今年のグラドル界を振り返って、なんといっても特筆すべきは、「グラビア・デビューがいきなり表紙」のケースが続出したことだろう。歌手で言うなら「ライブ・デビューがいきなり武道館」みたいなものだが(たぶん)、あらためて、その流れの背景にあるものはなんなのか? を考えると同時に、その功罪、それを果たした面々のその後を総点検!
まずはその流れについて、芸能評論家の三橋りの氏に聞いてみた。
「ここ数年で言えば、2013年に『ヤングマガジン』の表紙巻頭でグラビア・デビューを果たした柳ゆり菜が鮮烈な印象を残しましたが、それ以後、グループ系ではないいわゆる新人グラドルの、初水着での大手誌表紙登場というのは記憶にありません。それが今年になって、4月に『ヤンマガ』で表紙デビューした小倉優香を皮切りに、わちみなみ、澤北るな、アンジェラ芽衣、華村あすか、大原優乃、日比美思(ひびみこと)と頻出。その時流の根底にあるものは、ここ3、4年、顕著と呼べる大手出版社の先物買いによる独占起用が挙げられると思われますが、一方で、トップグループ系の子には絶対マネのできないグラドル独特の戦略とも言え、グループ系に対するグラドルのカウンターとして、この流れは今後も続く感があります」
確かにグラビアに対してのフットワークが軽くない人気グループ所属の子には、そう簡単には実践できない手法だろう。ただ、仕事としてのインパクトも大きい分、尻すぼみの危惧など、その後の展開のリスクも相応に大きいようにも思われるが。
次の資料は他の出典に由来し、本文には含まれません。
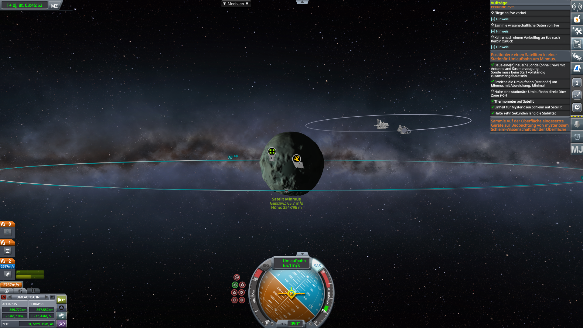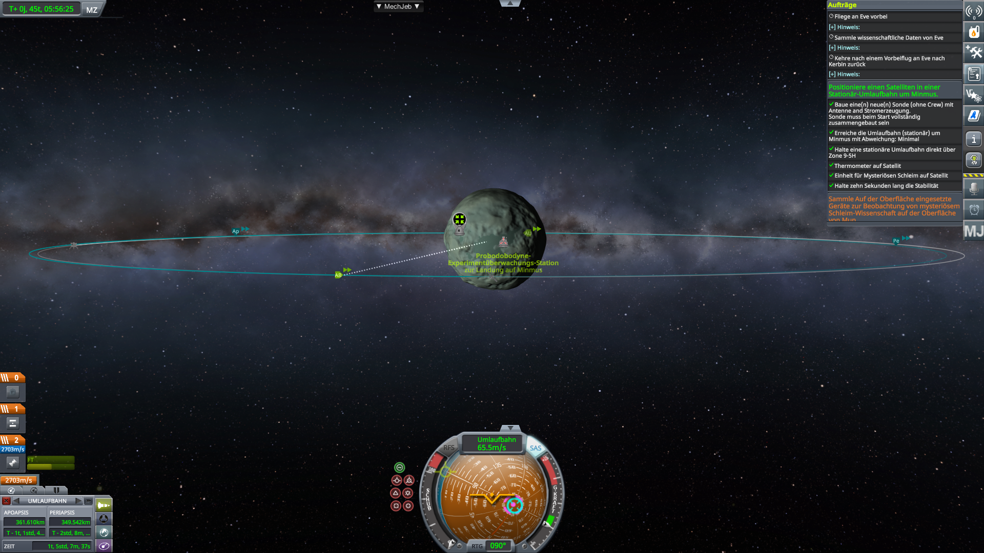 ist die Inklination auch wie gewünscht? Sind alle nötigen Teile dran? Manchmal gibt die Mission ja n bestimmtes Bauteil vor. Oder musst du evtl ne weile warten (6h o.ä.)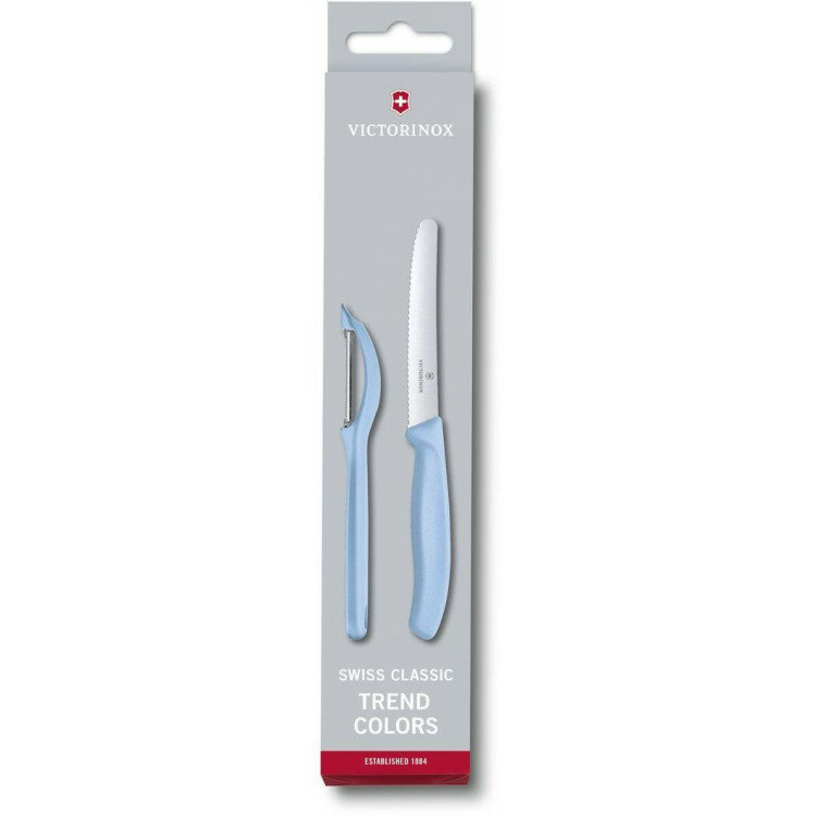 Набор из 2-х кухонных ножей VICTORINOX Swiss Classic Trend Colors: нож с лезвием 11 см, овощечистка, в картонной коробке, голубой 6.7116.21L22

「小倉、わち、澤北、アンジェラらはいずれも表紙仕事をその後もこなしており、特に、5本のドラマに連続出演を果たした小倉、月に4誌の表紙を務めた澤北など、期待に十分見合った展開と言えるのじゃないでしょうか。華村は表紙仕事はないものの、『サンジャポ』や、『モスバーガー』のCM、地元山形の衆議院総選挙啓発CMに出演。大原も来年に向けて、様々な展開が予定されていると伝えられますし、大原同様、元Dream5の日比は、12月4日売りの『週プレ』表紙に登場したばかりで、現時点、飛躍予想指数は100点満点と言っていい(笑)。ここまでの流れを見る限り、ネガティブな流れはほぼ皆無と言っていいでしょう」(同氏)
芸能ライターの織田祐二氏にも聞いてみた。
「うーん、唯一気になることと言えば、純グラドルとしての各自の意気込みの大きさですかね。表紙デビュー後、女優やバラエティでブレイクするやいなやグラビアはあっさり卒業みたいな展開は今後十分に考えられますので。所属事務所の体質や方針も含め、その子のグラドルとしての本気度をいかにこちらが見極められるかが重要。いきなり表紙デビューは悪くないですが、そういう子が増えた分、本気の純グラドルたちの活躍、起用のチャンスは確実に減るわけで、その点がどうも心配です」
なるほど。プロ野球でたとえるなら、日本人選手のアメリカ―・メジャーでの活躍は大いに期待したいわけだが、その分、日本のそれが盛り下がるのは本末転倒もいいところ。現状を見る限り、プロ野球界はうまくそのバランスを保っているようだが(メジャー級の選手が少ないという意味合いもあるが)、グラドル・シーンも“一時の腰かけ”ならぬ“一瞬の踏台”にならないようそのバランスをいかにキープするかが課題だろう。その意味でも、今後も続きそうな“いきなり表紙”の動向はグラドル・ファンとしてしっかり注視していきたい限りだ。